Good things come to those who wait. Just ask Oaktree Capital Management, which is making 17x its money with AdvancePierre Foods Holding Inc.’s IPO.
The Cincinnati company produces more than 600 million prepared sandwiches a year along with fully cooked burgers for food service, retail and schools.
AdvancePierre went public July 15 after pricing 11.1 million shares at $21 each. A week later the stock was up more than 12 percent, closing Friday at $23.60.
“We’re very pleased with the outcome of the transaction and are very excited about the company, our residual stake and continuing to participate in the upside of this stock,” Matt Wilson, an Oaktree managing director and a co-portfolio manager within the global principal group.

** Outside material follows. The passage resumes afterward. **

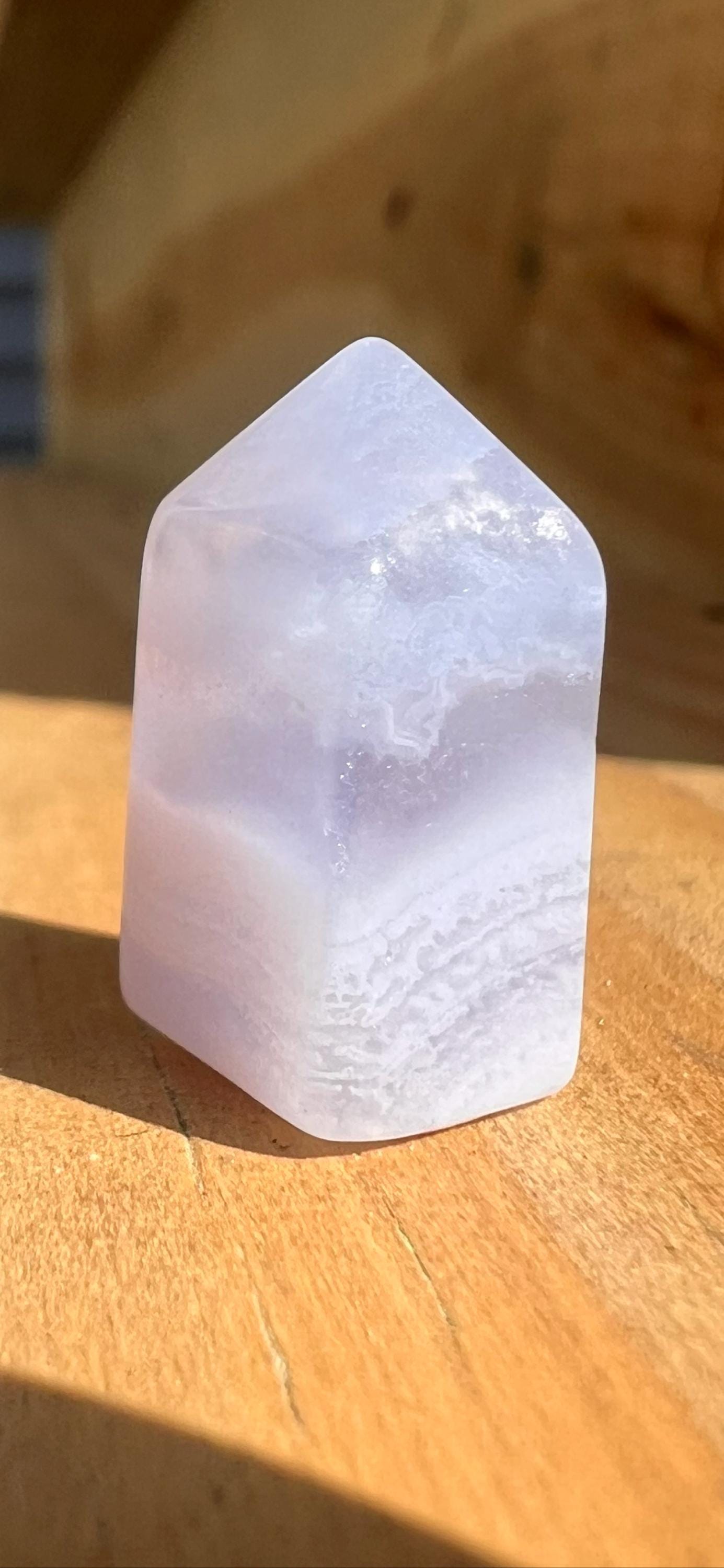 Your choice mini blue lace agate tower. Each measures between .6"-1" tall. You will receive the exact item you choose. All measurements are approximate.

From Chapter 11 to return of 17x
Oaktree, Los Angeles, is known for investing in the distressed debt of troubled companies. In July 2008, Pierre Foods was owned by Madison Dearborn Partners when it filed for Chapter 11 bankruptcy protection, Buyouts reported. Oaktree began buying up Pierre’s bonds for pennies on the dollar, as well as nearly all its junk bonds and bank loans, the Wall Street Journal reported.
Oaktree provided about $100 million for the deal, a source familiar with the situation said. The firm used Oaktree Principal Opportunities Funds IV to invest in Pierre. That fund closed at $3.3 billion in November 2006, Buyouts reported.
Oaktree’s debt was converted into equity with the Pierre Foods reorganization, the WSJ said. Pierre emerged from bankruptcy in December 2008 with Oaktree in control.
A year later Oaktree recouped its investment with a Pierre dividend, the source said. It’s unclear how big the 2009 distribution was, but it was at least $100 million.
In 2010, Oaktree combined Pierre Foods with Advance Foods to form AdvancePierre. Oaktree didn’t invest more capital; the transaction was funded with third-party debt, the person said.
The company paid out a second dividend in 2010, which Moody’s Investors Service pegged at $106 million. Oaktree doubled its money with the second dividend, the source said.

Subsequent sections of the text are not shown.